Глава 4. Прошлогодний снег

   Илья Маркович Белоцерковский приехал в Санкт-Петербург из Белой Церкви, уездного города в восьмидесяти километрах от Киева. Название города произошло от белокаменной юрьевской церкви, а от названия города произошла фамилия, красивая и на первый взгляд вполне русская, и даже созвучная дворянским «Белосельские, Белозерские», но на самом деле русские эту фамилию не носили, а получали ее живущие в Белой Церкви евреи.
 
   В жизни евреев Белой Церкви очень важным было понятие ихес – благородство происхождения. Ихес определялся либо по учености, либо по благосостоянию, и семья Белоцерковских была очень важной и значительной – дед Ильи, раввин, был ихес по учености, а прабабка была ихес по благосостоянию. А вот сын их Маркус, будущий отец Ильи, выбрал занятие крайне непрестижное, странное и даже постыдное для человека из такой семьи, – к ужасу родных, он стал меламедом, учителем в хедере, начальной религиозной школе.
   «Умереть и меламедствовать никогда не опоздаешь» – если уж так звучит еврейская пословица, то понятно: хуже с человеком уже ничего не может случиться, меламед – это та самая крайность, до которой только и может дойти человек в страшной нужде. Отчего же такое жалостно-презрительное отношение к меламедам сложилось в еврейской среде, где каждый отец мечтал о той минуте, когда поведет своего ребенка в хедер получать традиционное религиозное образование? Наверное, оттого, что было это занятие неприбыльным, хлопотливым, и становились меламедами неудачники, непутевые, ни к чему не приспособленные бедолаги...
   И тут вдруг такое происходит – сын раввина становится меламедом! Надо сказать, что у раввина было много детей, не только Маркус, но все они были девочки, и он любил всех своих девочек, но у него был один главный ребенок – Маркус.
   И все было в семье раввина, все, что положено, когда сын идет против воли отца: обида, горестное непонимание, возмущение – что скажут люди, упреки – позор семьи, плевок в лицо родителям, мы все для тебя, а ты... Сын раввина – меламед? Это же уму непостижимо!..
   Маркус собирал детей по домам, и до позднего вечера, чуть ли не по десять часов в день орава детей кричала и бесновалась в тех же комнатах, где живет его семья. А поздно вечером он разводил детей по домам, наученных, накормленных и набегавшихся. И все это, заметим, за гроши... Зачем?! До разрыва дело не дошло, все ограничилось семейными бурями, но – зачем?! Ради чего Маркус, человек из семьи богатой и ученой, выбрал жизнь в постоянном окружении орущих детей?.. Ради чего стал «позором семьи»?
   Но Маркус жил сам как хотел, и никакой «позор семьи» был ему не указ. Маркус, отец Ильи, был человек идеи. А идея его была очень благородная: меламед, считал он, самый нужный человек, самый главный, ведь именно он формирует религиозное мировосприятие детей, именно на него возложена миссия сохранить еврейскую традицию, а значит, сохранить народ. Таков был Маркус – делал, что считал нужным. Подумаешь, непрестижное занятие – он считает, что это так, и все. Отец Ильи был необычным меламедом, и в его хедере было то, чего не было больше нигде, – он обучал детей не только основам религиозного поведения, а еще и письму, математике и языкам, русскому, немецкому и французскому.
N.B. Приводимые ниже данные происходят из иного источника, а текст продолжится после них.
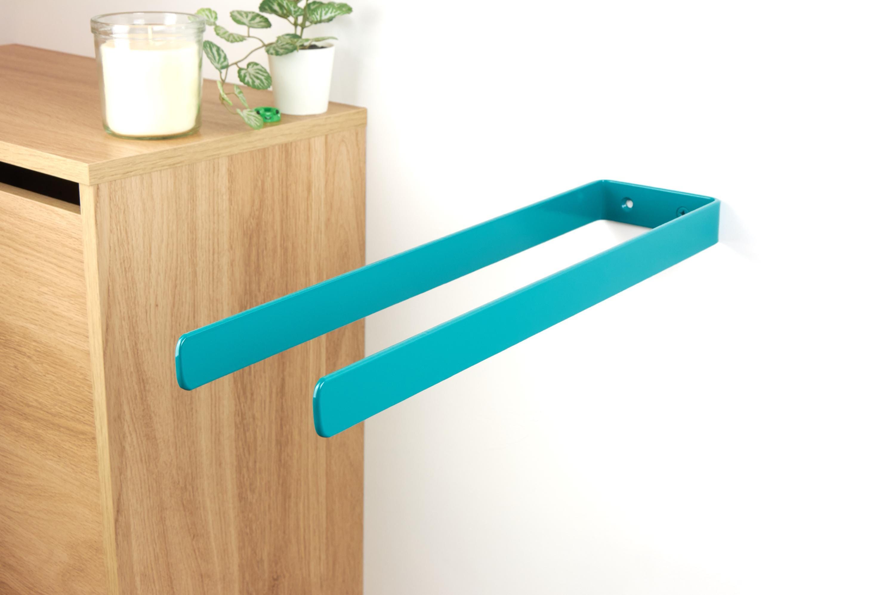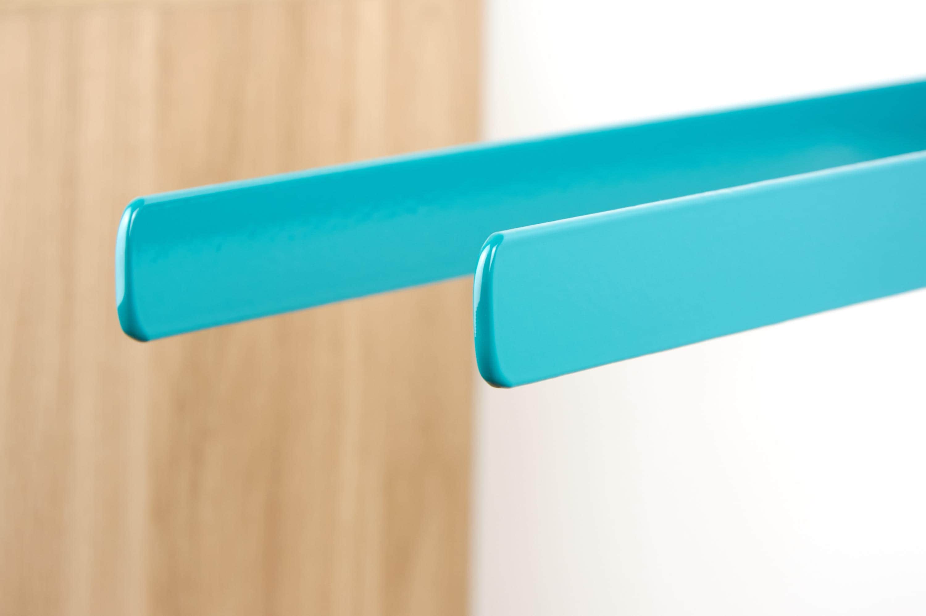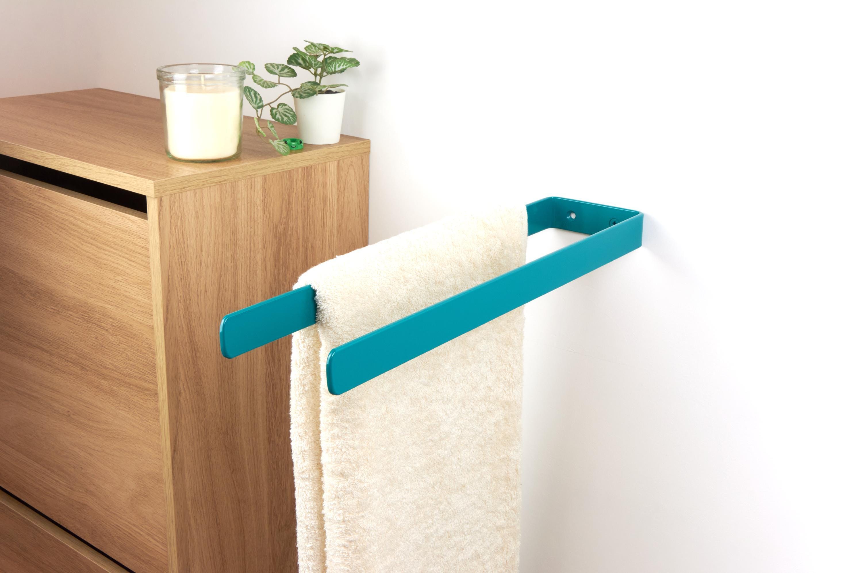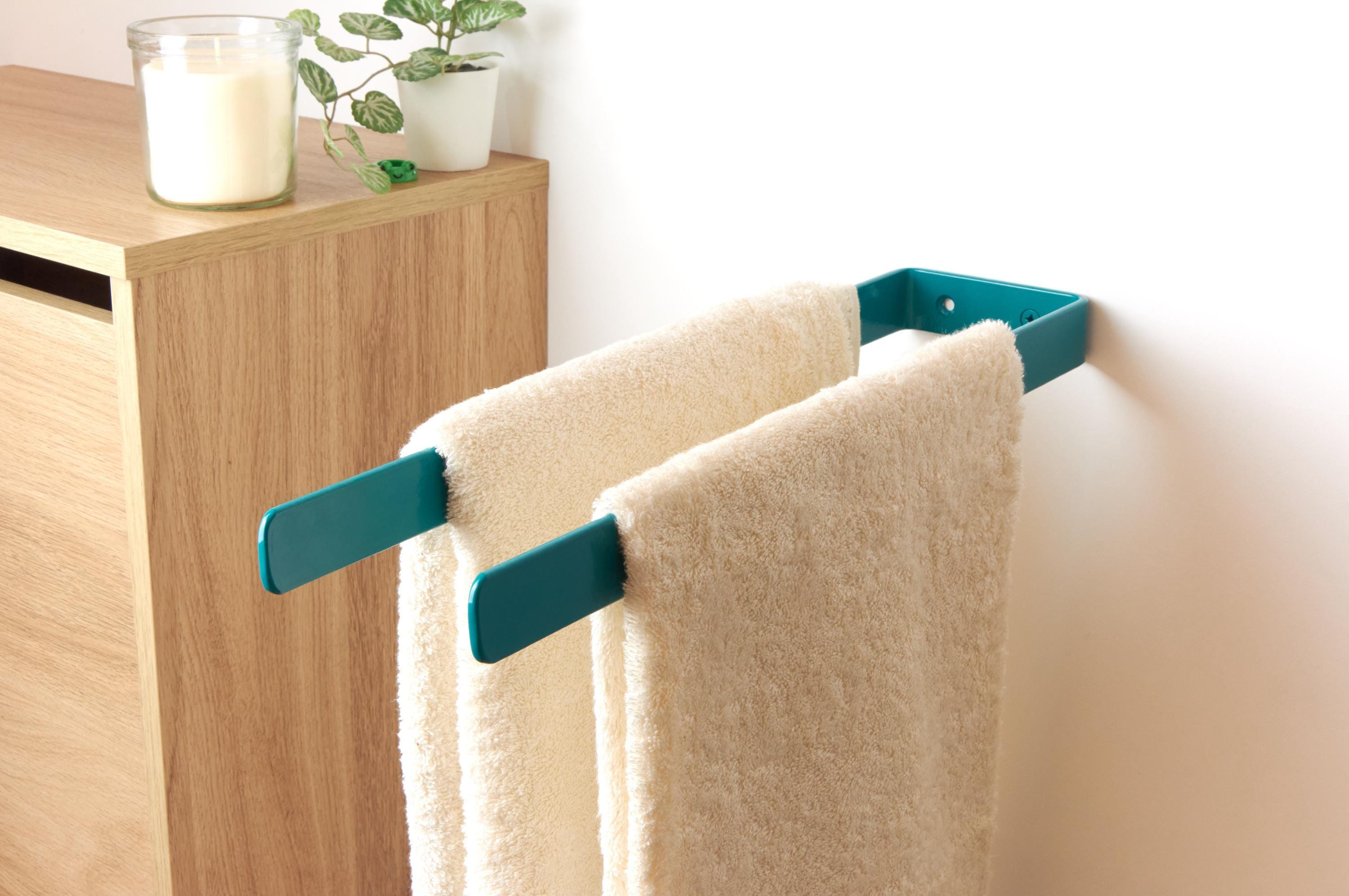 This double towel rack is a practical and space saving bathroom towel holder, perfect as an ideal home decor gift for any household! The color of the product in the pictures is Turquoise.

   Несмотря на меламедство, семья Белоцерковских была и богатой, и ученой, – ведь и бабкино богатство никуда не делось, и ученость была, и хедер Маркуса стал лучшим в городе, и это смягчило ситуацию, все равно они были ихес. Но семья Белоцерковских гордилась не ихес, не ученостью, не состоятельностью, не раввинской кафедрой, не двухэтажным домом, не знаменитым в городе хедером, а своим Элией, Эли, Элишей – сыном меламеда и внуком раввина.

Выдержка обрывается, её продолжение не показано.